I was having such a great day yesterday. I had earned enough money Wednesday to renew my cell service (Verizon), got haircut and was told that Monday I'd be working again.
Yeah I was sore, but happy to be because I had done honest work. It was a good Friday, until I saw my friend Bob (real name has been changed).
We meet at the CROS Ministries soup kitchen here in Delray Beach (Caring Kitchen) about 2 months ago. Since then I've done ever I could to help him because he's 75 years old, needs a cane to walk and has medical issues. His legs keep getting infected because he doesn't have a place to live. His old truck is his only shelter and sleeping in a car at his age did not help his physical condition.
I've done my best to help him. I got him clothes, food, pay for gas when he had no money (sometimes giving him all my cash) and protected him in every way I could. We even went to his Quaker (Society of Friends) meeting many times together; I brought food every time to those meetings. He gained my trust and I shared some painful memories with him about the loss of my wife.

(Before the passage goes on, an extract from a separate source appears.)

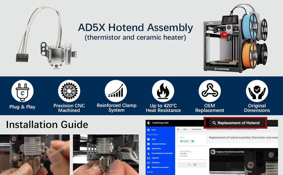 • 【OEM Version, Perfect Fit for Flashforge AD5X】Designed exclusively for the Flashforge AD5X, this AD5X heating assembly kit ensures seamless compatibility and reliable performance. A direct replacement for worn or damaged AD5X hotend assembly

He tells people he currently has a business practice (Accountant) with important clients, which of course isn't true. Giving people false hope by promising he'd be able to help them was wrong, but I assumed he had some sort of Alzheimer's.
Bob would end up in the hospital every few weeks, and I'd visit him when I could, cheer him up and make him smile. He was stubborn and many times was disrespectful, but I'd let it go because the man is 75 years old and maybe mentally ill.
Over time I did figure out that at the first week of the month he'd get his Social Security check and instead of managing his money (he used to be an Accountant after all) to make it last the month, within a week or so he'd be out of money. He just can't go without drinking beer or going out spending money as if he was still practicing. Whenever I advised him to slow down on spending he'd get extremely verbally abusive.
Every few weeks he would claim he had a plan to open an office, or start an international company, that he'd be making millions soon traveling abroad.
I should have cut ties with him, but I couldn't. I thought he was my friend.
Last night, I found Bob at Starbucks. I'd been looking for him for the past few days, because I was worried about him. I'd always get him food and usually he'd be at the library where I could hand the food to him. He had not been there in days.
I asked him where he had been, and then he turned to me with a look as if I had insulted him. Bob then said we were no longer friends. I was shocked. Apparently two people badmouthed me. Within a few days he seemed to have forgotten all the things we've gone through together as friends.
The time when his car stalled (because we ran out of money to get gas) and me moving his big truck with another 3 homeless guys to park it in front of a bar he frequented. Hugging each other at the Delray Beach hurricane shelter when Hurricane Matthew was almost upon us. Finding him a safe place to sleep when he had no access to his truck. The many times I would walk to the soup kitchen to get him food. So many good times we had as friends.
All forgotten within a few days. Well, there is only so much I can do. I've reached my limit with him. I've accepted his decision, and hopefully later today he will return the clothes I had stored in his truck. If he doesn't, I can live with that. I do feel betrayed, but I won't let the end of our friendship prevent me from making new friends.
I truly wish Bob he best of luck. I'll be loooking for work again today through Craigslist, maybe I'll find something.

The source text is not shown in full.